Filia rubbed her upper arm uncomfortably. "Weeell... I _would_ like another, buuut... I'm trying to cut back on sweet things," said Filia, her smile changing to a self-deprecating grin as she stroked the back of her neck (which tickled Samson's underside, causing him to lift up a bit away from Filia's hand). "Not to mention, if anyone deserves a treat, it's you, Carol." That angelic smile again.

"Plus she ain't in any danger of ballooning up like you do, thunder-thighs," Samson remarked to Filia, his great toothy maw stretching into a grin as he chuckled darkly.

Filia gasped, scandalised. "And just WHAT do you mean by that?"

"I like your figure," said Carol a little sadly, observing the frothy bubbles on her milkshake as she gave it a stir with the straw. "It's very round, and full, and soft... everything mine isn't."

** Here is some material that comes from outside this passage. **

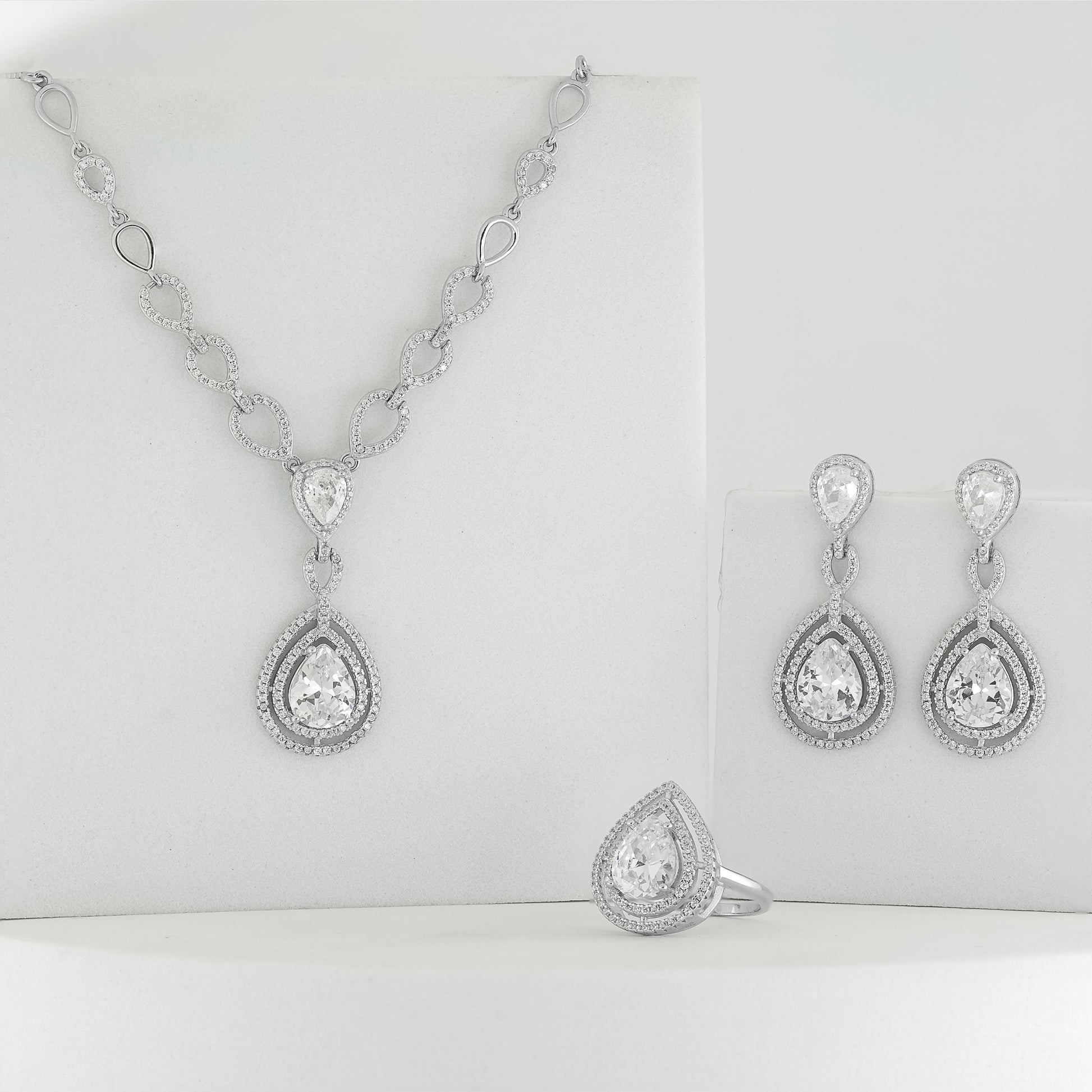- Necklace: Featuring a flowing design of interlinked pavé teardrop loops leading to a pear-cut central pendant framed by double halos of pavé stones, creating depth, symmetry, and regal luminosity.

"Aw, Carol! I'm sure you'll grow into your body someday – someday soon," said Filia, full of concern. "You've just got to give it a bit of time since you've been so malnourished for so long, so remember to eat regularly and well, you hear me? In fact, it'd be easier for both of us if you ate dinners with me: i could just give you the extra I know I shouldn't eat myself," said Filia, regretfully eyeing Carol's milkshake (she hadn't even touched it yet!).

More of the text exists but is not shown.